Ms.PSM tries to make biweekly entries into this, her PSM diary. It would make her so happy if you left a comment or two along the way. You don't want her to start hoarding things to keep herself company, do you?

Post-Single MotherhoodTM (PSM) is both pitifully sad and pure joy. It is unrelenting and unpredictable. It is discouraging and encouraging, discombobulating and enlightening. Sometimes, it's a super-sized combo of all of the above. And yet, it can be entertaining and downright comical. The idea is to capture all this here.

Entries in road trip (2)

Wednesday
Feb152012

One PSM Stage Forward, Two Stages Back

Well, it has arrived. I officially serve no purpose. Not even as the ATM I've been for the last couple of years. No more college to pay for. No more monthly bills (except for a small straggler or two). I can best explain my level of relevance by sharing the following exchange with Spawn. (My 21-year-old son recently moved to Lake Tahoe for a year-long project and had to shop for the basics to equip his new apartment. I have to tell you that just the other day I was driving along the highway, looking around, and spotted a Red Roof Inn that I would think of as being in the middle of nowhere if I didn't know what was just beyond the exit ramps and thought about how this kid road-tripped across the country alone with a GPS and no hotel reservations. He was stressed the week before he left, and I could tell he was nervous when he got to town before he found his apartment. But he did it. He saw the Grand Canyon, Santa Fe, FLagstaff, Las Vegas on a Saturday night, Death Valley, Hoover Dam, and some others I know I'm forgetting. (I was texted all of two pictures along the way.) He did it a lot excited but a little afraid. What a lesson he taught me. At 21, I couldn't have written a check. So as much as I diss on the Spawn - and will continue to do so because it's a lot of how we express love - I couldn't be more happy about him. My life's joy, I tell ya, my life's joy. But you probably knew that.)

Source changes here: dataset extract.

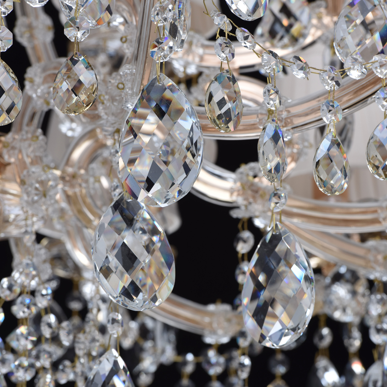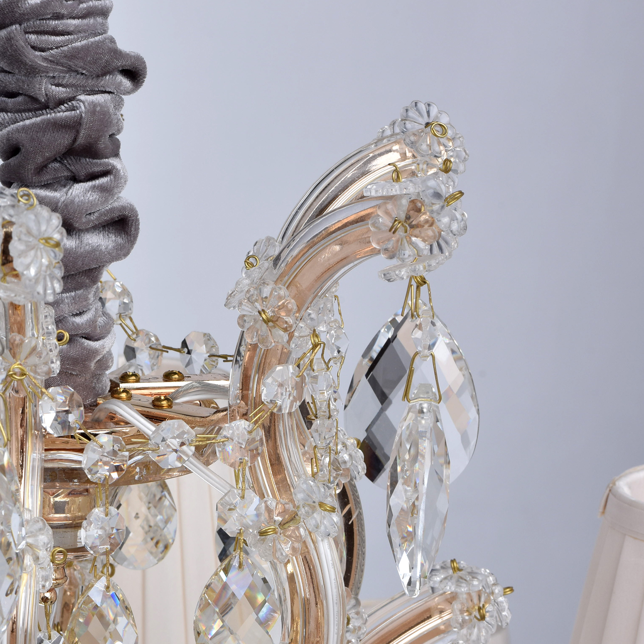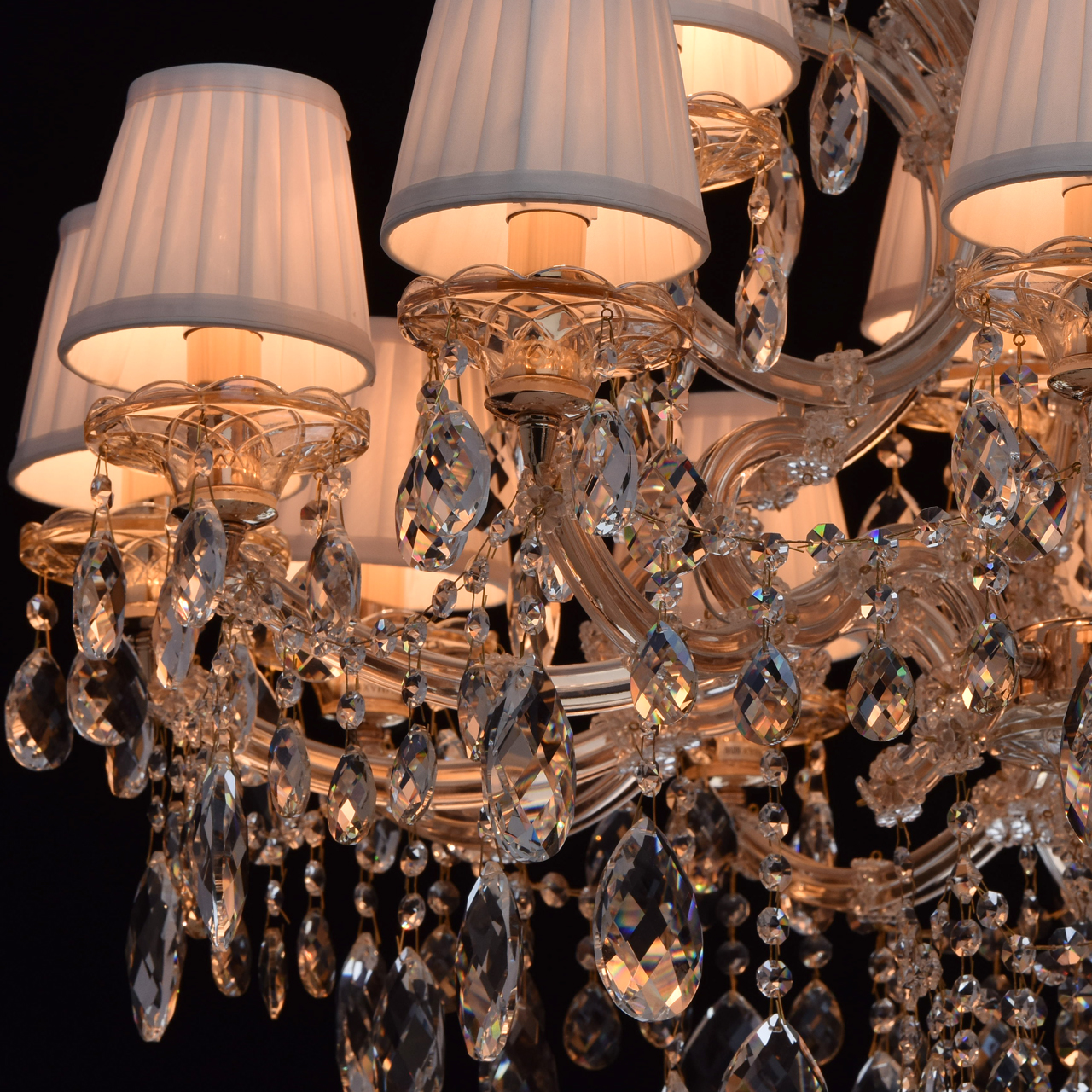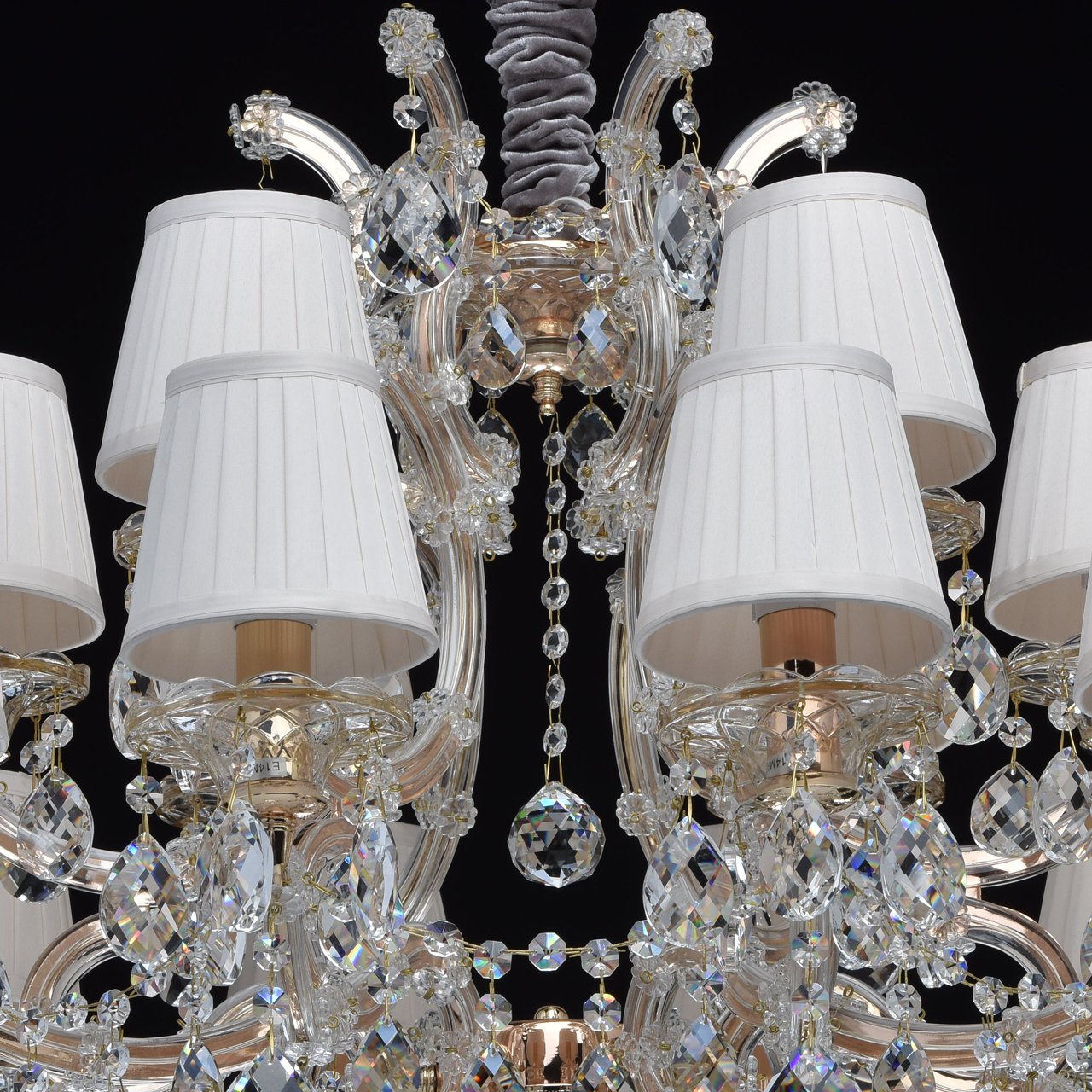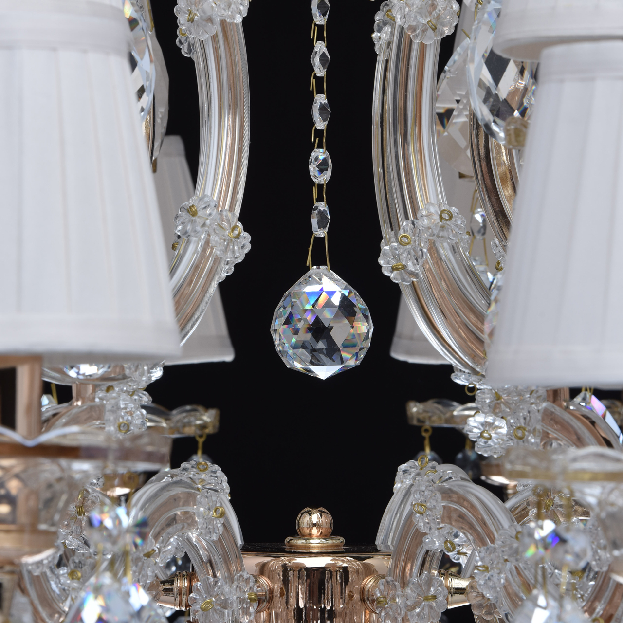 Металлическое основание цвета золота, декоративные элементы из прозрачного стекла, хрустальные подвески из прозрачного хрусталя, текстильные абажуры белого цвета.Технология производства

Anyway, back to the exchange. Boyz. Ugh.

“I bought all kinds of stuff for the bathroom. Shower curtain....”

“Ooo, what color?”

“Shower curtain color.”

“Seriously?”

“I think it’s a tan color.”

“K, what else?”

“A trash can.”

“Ooo, what color?”

“Trash can color.”

“Seriously?”

“It’s white.”

“K, what else?”

“A bath mat.”

“Ooo, what color?”

“I don’t really remember.”

“Does it match the shower curtain? Complement it?”

“Uhhh.”

“How could you not remember what color it is? You just bought it 4 hours ago.”

“Uhhh.”

So the PSM stages, once again, keep repeating themselves. I was sure we'd get to go straight through them and be done. And satisfied. What was I thinking?

Wednesday
Jun292011

28-Day Pit Stop (June) 

On the 28th day of each month (in honor of PMS and that whole menstrual cycle thing), we make a Pit-Stop to rally support for each other during a particular moment of PSM. This month, again, we're a little late. What's new, right?

This month's little adventure is entitled "Venturing Out Alone".

Listen, I'm the first one to say that in the throes of PSM, the last thing we want is be told to "get out there". In fact, for me, nothing made me sadder, because I just couldn't, and, frankly, didn't want to. I understand that we need time to get through the first stages of PSM on our own and at our own pace. We need time to grieve. I want you to take that time to just be sad, believe me. Some days, nothing helps PSM more than a good cry or a spell of vegetation.

But the minute you see a flash of light at the end of that proverbial tunnel (and you will - probably in the Rehabilitation Stage), I want you to do something that I didn't do. Venture out alone. Take a baby step. Do something close to home. But it has to be something you don't normally do. On a new road. In a new part of your town. A different time of day. Maybe you never leave the house before noon on Saturday? Well, make sure to plan this for first thing Saturday morning. Even if it's a mile from home, go. And go alone. Take a tour. Or walk a path. Or go to a grocery store you've never been to. Or just drive. I think you'll be surprised how ready people are to welcome you. The PSM you. The new you.

I've been on a road trip of my own for the last couple of weeks, and I will tell you more about it as soon as I collect my thoughts, but there have been moments that I think may just be redefining me. I feel more confident, more comfortable, and more accepted than I ever have. And these were tiny moments in the scheme of things. Nothing major. Nothing earth-shattering. Just seemingly me-shattering. It's my first glimpse of that Satisfaction Stage I talk about.

Trust me. Venture out. Alone. One baby step at a time. If you need a shove, let me know!! Hey, I do what I can. : ) Email me at psm@psming.com. And if you do venture out, please share in a comment below.

June's Pit Stop Suggestions:

Just one: Solo Road Trip! Even if it's a mile from your house.